En una república (y en cualquier otra corporación), además
de la relación entre la república y sus súbditos, existe otra
relación: la existente dentro de la propia corporación entre
sus miembros, que no ha de confundirse con el primero y
mucho menos con las relaciones que hay entre los súbditos
de un príncipe y el propio príncipe. Esta confusión ha sido,
para Haller, una de las causas de la Revolución francesa y
del despotismo de esta, pues, al considerarse que todos los
súbditos del rey eran ciudadanos de una corporación
soberana, entonces era lógico que depusiesen al rey, pero a
la vez los impuestos y la conscripción quedaban
justificados, pues lo que antes habría sido una guerra real se
convierte en guerra nacional o popular, en la que deben
participar todos los miembros. Las reglas fundamentales
que rigen en el interior de una sociedad son, según Haller,
las siguientes: 1) nadie debe ser forzado a entrar en una
sociedad; 2) la sociedad o corporación no está obligada a
admitir otros miembros en su círculo contra su voluntad; 3)
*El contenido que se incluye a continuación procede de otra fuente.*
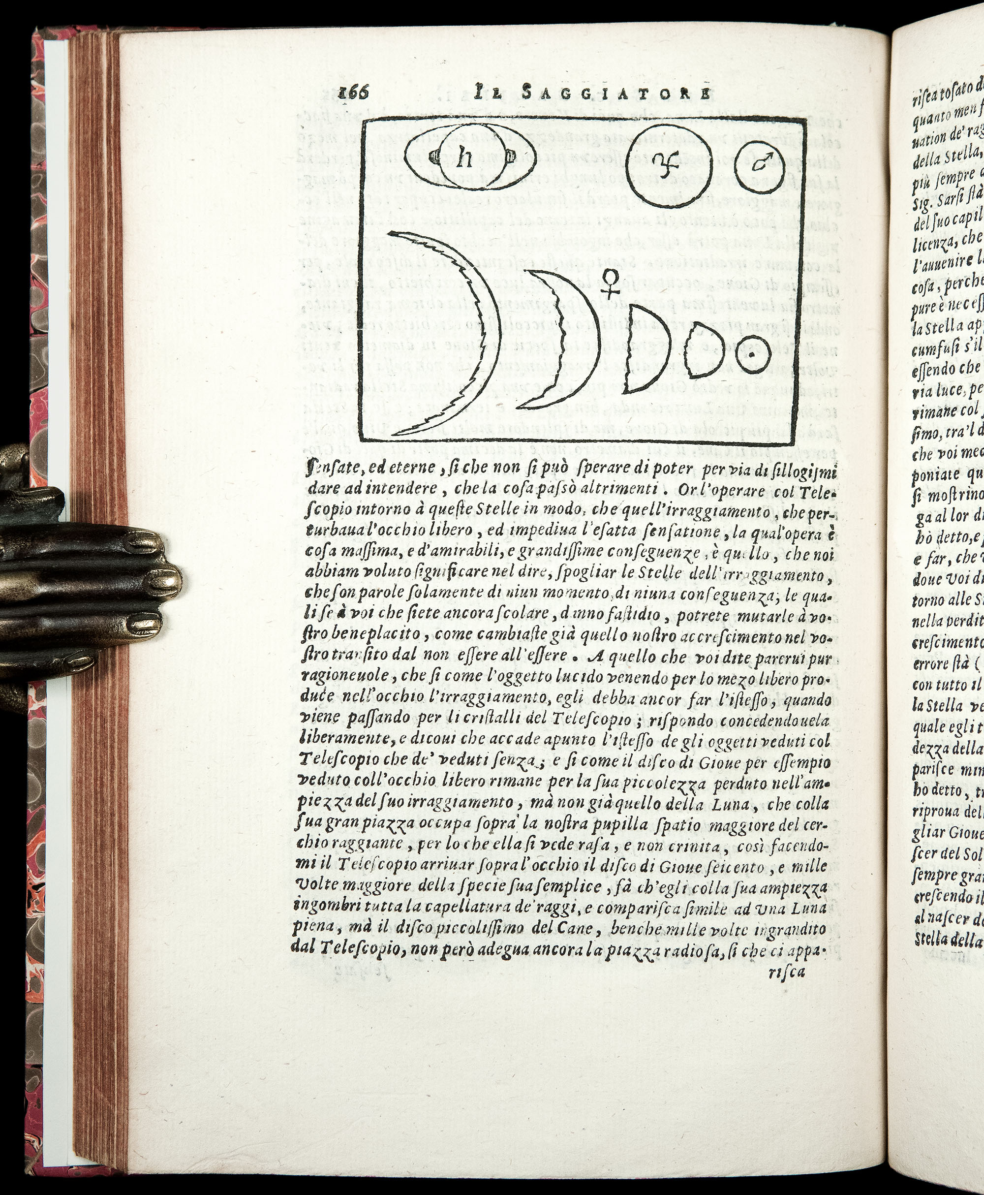 Galileo used a sarcastic and witty tone throughout the essay. The book was read with delight at the dinner table by Urban VIII "This was a truly masterful piece of sarcastic invective and criticism. It is still read today in Italian language classes in Italy as a fine example of the use of rhetoric devices in the Italian language.” (P. Machamer, The Cambridge Companion to Galileo, 1998, p. 21). The woodcut on p. 166 of this 1655 edition closely reproduces the copperplate engraving in the 1623 First Edition, which contained THE EARLIEST PRINTED ILLUSTRATION OF THE RING OF SATURN, along with the planet Mars in inferior and superior conjunction, and the phases of Venus.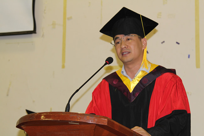 姚宜斌院长讲话。他首先祝贺全体毕业生顺利完成学业,并深情寄语毕业生“珍惜韶华,不负今生”,恪守做人本分,保持谦卑与感恩,保有一份好心情;勇于超越自我,竭尽全力发挥潜能,享受为梦想而努力的过程;淡然面对人生中的各种挫折与无奈,积极把握每一个可能的机会提高自我,在困难中坚守希望,不忘初心,执着前行;在幸福中保持清醒,坚守本份,不迷失自我”。他勉励同学们继续加油,并祝愿同学们都能收获幸福的人生。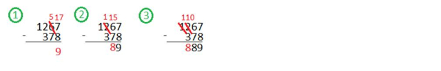 W tym zadaniu musisz obliczyć sumę 1267 - 378 sposobem pisemnym.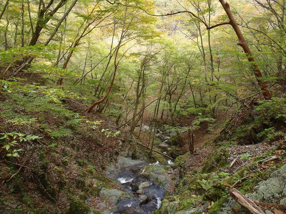 谷の中は青々としていたので、黄葉前線のど真ん中を目指しました。

todo miembro tiene derecho a salir de la sociedad
libremente. Todos estos principios fueron violados por la
nueva República francesa:
“Se había concebido, según la errónea doctrina
revolucionaria de nuestros días, la monstruosa idea de
obligar a millones de hombres que vivían en países muy
alejados los unos de los otros, que no se conocían en
absoluto, y que en absoluto tenían necesidades comunes, no
solamente a formar una unión o a estar en contacto
recíproco, sino a formar una sola, es decir en todos los
aspectos una y la misma comunidad, y para llevar al su
colmo la extravagancia, se atrevían incluso a llamar
libertad a esta horrible violencia. Pero la locura acometida
era absolutamente imposible. Aquellas sociedades no
habían sido fundadas con el consentimiento de todos los
miembros, como debe suceder necesariamente en toda
comunidad, sino decretadas ridículamente por la fuerza
(…), por lo tanto, existen solamente sobre el papel, pero no
en la realidad.”
Esto es solamente un esbozo de los puntos más importantes
y relevantes de la filosofía política de Carl Ludwig von
Haller. El interés que puede tener para un libertario y
especialmente para un anarcocapitalista es evidente. Pues el
orden natural que describe Haller es una sociedad
anarcocapitalista, o como dice Hans Hermann Hoppe, una
sociedad de derecho privado, en la que todos los hombres e
instituciones están sujetos a la misma ley. La base del
poder de un príncipe o de una república es precisamente su
propiedad (propiedad que para Haller tiene su origen en la
misma naturaleza y es un derecho que ha de respetarse),
son estados en el sentido halleriano en cuanto que son
propietarios. Se puede objetar con justicia que los monarcas
y repúblicas del antiguo régimen, o al menos la mayoría de
ellos, no eran propietarios legítimos. Pero el mayor interés
que tiene la filosofía política de Haller, en mi opinión, no
está en el pasado, sino en el futuro, en lo que nos puede
decir sobre un hipotético futuro anarcocapitalista, que
podría no ser muy distinto del orden natural de Haller.